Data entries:
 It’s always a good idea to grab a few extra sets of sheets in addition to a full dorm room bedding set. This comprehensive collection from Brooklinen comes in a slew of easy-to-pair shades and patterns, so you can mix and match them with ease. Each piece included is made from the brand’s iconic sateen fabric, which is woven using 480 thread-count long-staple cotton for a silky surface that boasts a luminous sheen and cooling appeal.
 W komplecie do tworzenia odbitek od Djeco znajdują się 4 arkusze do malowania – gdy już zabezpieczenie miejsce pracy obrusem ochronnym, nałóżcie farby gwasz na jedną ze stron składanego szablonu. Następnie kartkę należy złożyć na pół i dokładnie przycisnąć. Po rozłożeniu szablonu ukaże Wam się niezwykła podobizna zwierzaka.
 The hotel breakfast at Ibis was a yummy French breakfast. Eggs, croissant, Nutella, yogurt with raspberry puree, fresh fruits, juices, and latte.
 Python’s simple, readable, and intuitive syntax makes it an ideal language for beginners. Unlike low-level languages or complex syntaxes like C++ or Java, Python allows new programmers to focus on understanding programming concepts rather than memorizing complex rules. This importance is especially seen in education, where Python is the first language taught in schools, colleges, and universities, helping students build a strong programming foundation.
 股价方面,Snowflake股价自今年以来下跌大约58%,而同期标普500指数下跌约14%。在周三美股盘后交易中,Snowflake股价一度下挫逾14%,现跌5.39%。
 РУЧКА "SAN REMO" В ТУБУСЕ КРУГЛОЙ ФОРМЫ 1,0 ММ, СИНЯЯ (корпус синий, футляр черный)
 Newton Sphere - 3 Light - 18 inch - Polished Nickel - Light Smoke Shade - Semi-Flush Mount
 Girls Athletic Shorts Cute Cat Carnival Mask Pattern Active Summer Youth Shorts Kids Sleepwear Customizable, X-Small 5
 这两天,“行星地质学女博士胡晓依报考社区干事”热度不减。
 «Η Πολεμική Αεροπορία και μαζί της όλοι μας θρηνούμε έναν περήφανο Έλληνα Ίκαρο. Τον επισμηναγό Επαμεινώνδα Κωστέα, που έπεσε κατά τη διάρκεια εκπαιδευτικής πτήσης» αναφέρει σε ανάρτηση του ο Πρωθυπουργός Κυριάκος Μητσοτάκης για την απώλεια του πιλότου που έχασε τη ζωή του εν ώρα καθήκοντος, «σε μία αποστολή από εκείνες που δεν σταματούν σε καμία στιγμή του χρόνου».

GOAL OF THE EXERCISE
Retype every entry without changing anything.

ANSWER FOR THIS EXERCISE
 It’s always a good idea to grab a few extra sets of sheets in addition to a full dorm room bedding set. This comprehensive collection from Brooklinen comes in a slew of easy-to-pair shades and patterns, so you can mix and match them with ease. Each piece included is made from the brand’s iconic sateen fabric, which is woven using 480 thread-count long-staple cotton for a silky surface that boasts a luminous sheen and cooling appeal.
 W komplecie do tworzenia odbitek od Djeco znajdują się 4 arkusze do malowania – gdy już zabezpieczenie miejsce pracy obrusem ochronnym, nałóżcie farby gwasz na jedną ze stron składanego szablonu. Następnie kartkę należy złożyć na pół i dokładnie przycisnąć. Po rozłożeniu szablonu ukaże Wam się niezwykła podobizna zwierzaka.
 The hotel breakfast at Ibis was a yummy French breakfast. Eggs, croissant, Nutella, yogurt with raspberry puree, fresh fruits, juices, and latte.
 Python’s simple, readable, and intuitive syntax makes it an ideal language for beginners. Unlike low-level languages or complex syntaxes like C++ or Java, Python allows new programmers to focus on understanding programming concepts rather than memorizing complex rules. This importance is especially seen in education, where Python is the first language taught in schools, colleges, and universities, helping students build a strong programming foundation.
 股价方面,Snowflake股价自今年以来下跌大约58%,而同期标普500指数下跌约14%。在周三美股盘后交易中,Snowflake股价一度下挫逾14%,现跌5.39%。
 РУЧКА "SAN REMO" В ТУБУСЕ КРУГЛОЙ ФОРМЫ 1,0 ММ, СИНЯЯ (корпус синий, футляр черный)
 Newton Sphere - 3 Light - 18 inch - Polished Nickel - Light Smoke Shade - Semi-Flush Mount
 Girls Athletic Shorts Cute Cat Carnival Mask Pattern Active Summer Youth Shorts Kids Sleepwear Customizable, X-Small 5
 这两天,“行星地质学女博士胡晓依报考社区干事”热度不减。
 «Η Πολεμική Αεροπορία και μαζί της όλοι μας θρηνούμε έναν περήφανο Έλληνα Ίκαρο. Τον επισμηναγό Επαμεινώνδα Κωστέα, που έπεσε κατά τη διάρκεια εκπαιδευτικής πτήσης» αναφέρει σε ανάρτηση του ο Πρωθυπουργός Κυριάκος Μητσοτάκης για την απώλεια του πιλότου που έχασε τη ζωή του εν ώρα καθήκοντος, «σε μία αποστολή από εκείνες που δεν σταματούν σε καμία στιγμή του χρόνου».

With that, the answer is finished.